Download or read book GENERALIZED INTEGRAL TRANSFORMS OF DISTRIBUTIONS written by Dr. B. B. Waphare and published by Lulu Publication. This book was released on 2021-02-03 with total page 16 pages. Available in PDF, EPUB and Kindle. Book excerpt: 1.1 Introduction In recent years, integral transforms have become essential working tools of every engineer and applied scientist. The Laplace transform, which undoubtedly is the most familiar example, is being suited to solving boundary value problems. The classical methods of solution of initial and boundary value problems in physics and engineering sciences have their roots in Fourier’s pioneering work. An alternative approach through integral transforms methods emerged primarily through Heaviside’s efforts on operational techniques. In addition to being of great theoretical interest to mathematicians, integral transform methods have been found to provide easy and effective ways of solving a variety of problems arising in engineering and physical science. The use of integral transforms is somewhat analogous to that of logarithms. That is, a problem involving multiplication or division can be reduced to one involving simple processes addition or subtraction by taking logarithms. For almost two centuries the method of function transformations has been used successfully in solving many problems in engineering, mathematical physics and applied mathematics. Function transformations include, but are not limited to the well-known technique of linear integral transformations. A function transformation simply means a mathematical operation through which a real or complex valued function f is transformed into an other F, or into a sequence of numbers, or more generally into a set of data. Since its birth in the 1780’s in the work of the great mathematician Laplace, on probability theory, the theory of function transformations has flourished and continues to do so. In the last few years, in particular, it has received a great impetus from the advent of wavelets. Not only is the wavelet transform an example of how practical function transformations can be, but it is also an example of a transformation that has gone beyond what it was designed to do as a technique. It has contributed to the development of modern mathematical analysis just as the Fourier transformation contributed to the advancement of classical analysis in the earliest years of the nineteenth century.
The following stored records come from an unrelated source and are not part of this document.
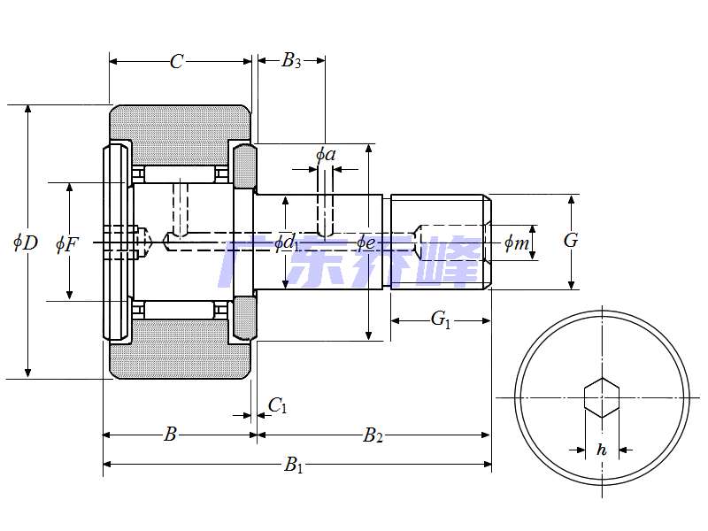 | 凸輪從動螺柱式滾輪軸承 - 圓柱內徑,KR..H型 - 尺寸 | |
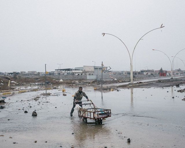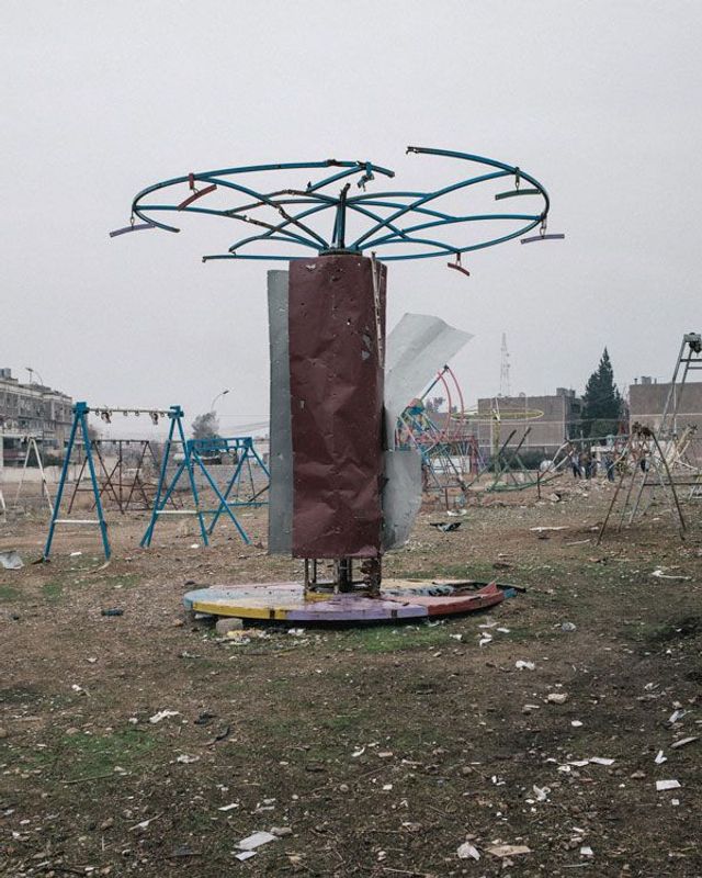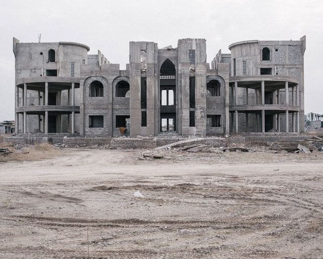 Robin Hinsch: So schwierig ist es gar nicht. Man fliegt nach Erbil, das ist die Hauptstadt der autonomen Kurdenregion im Norden des Irak. Dort ist es sicher und man kann man sich frei bewegen. Bevor ich nach Mossul gefahren bin, habe ich kurdische Dörfer wie Hamdaniya besucht, die lange vom IS besetzt waren. Ich hatte gehört, dass das aufgrund von Ölvorkommen mal relativ reiche Orte gewesen sind. Die Architektur ist dort sehr spannend, da verschiedene Stile aufeinandertreffen und auch teils brutalistische bis futuristische Elemente ihren Einfluss finden, die dadurch die Szenerie noch surrealer erscheinen lassen. Leider wurden diese Orte durch die Kämpfe der vergangenen Jahre weitgehend zerstört.
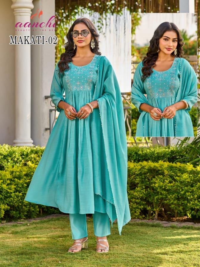 aanchi makati 01 & 02 mul chanderi wholesale readymade suit in surat suitable for both variety of styles and age groups. Can be made in different styles like Anarkali’s, sleek straight-cut suits, and classic salwar sets for every occasion. Whether you want it during your bride-to-be, a busy professional, or someone who loves ethnic wear, this designer suit makes you centre of extraction to everyone.

Download or read book Integral Transforms of Generalized Functions and Their Applications written by Ram Shankar Pathak and published by Routledge. This book was released on 2017-07-05 with total page 432 pages. Available in PDF, EPUB and Kindle. Book excerpt: For those who have a background in advanced calculus, elementary topology and functional analysis - from applied mathematicians and engineers to physicists - researchers and graduate students alike - this work provides a comprehensive analysis of the many important integral transforms and renders particular attention to all of the technical aspects of the subject. The author presents the last two decades of research and includes important results from other works.
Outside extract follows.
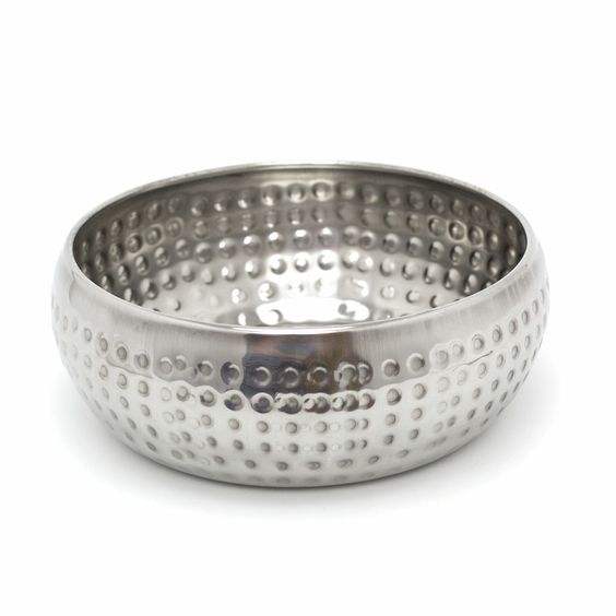 ชามสลัดโลหะทรงกลมทำจากอลูมิเนียมสีเงินสำหรับใช้ในห้องครัวและบนโต๊ะ
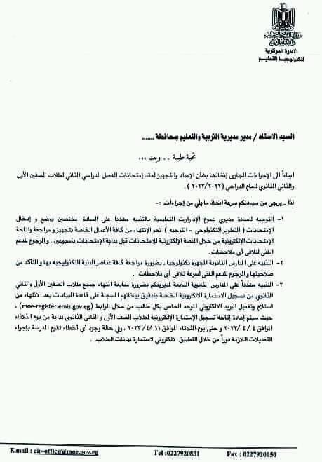 وحصل”هنا مصر” على صورة من الخطاب الصادر، والذي جاء نصه:” ايماءًا إلى الإجراءات الجاري اتخاذها بشأن الأعداد والتجهيز لعقد امتحانات الفصل الدراسي الثاني لطلاب الصفين الأول والثاني الثانوي العام 2023 …يرجي اتخاذ الآتي:

Download or read book Distributional Integral Transforms written by P.K. Banerjee and published by Scientific Publishers. This book was released on 2005-09-01 with total page 160 pages. Available in PDF, EPUB and Kindle. Book excerpt: The present Learned Research Work is an exhaustive survey and researches carried out by the authors, which led to the theories of distributions, generalized functions and transforms involving them, which includes interesting results and the fundamental concepts of the youngest generalization of Schwartz theory of distributions, the Boehmians. The tempered distribution and utilizations have been described, which provide suitable platforms for the generalizations of Fourier transforms, Stieltjes and Mellin transforms. To overcome the Fourier series this work includes wavelet transform, for which meticulous extensive study of the existing literature has been produced including recent researches carried out by the authors. This compilation, in the form of the present book, is believed to be of help to researchers in the field of distribution and transform analysis and, may even be treated as the reference book to post graduate students.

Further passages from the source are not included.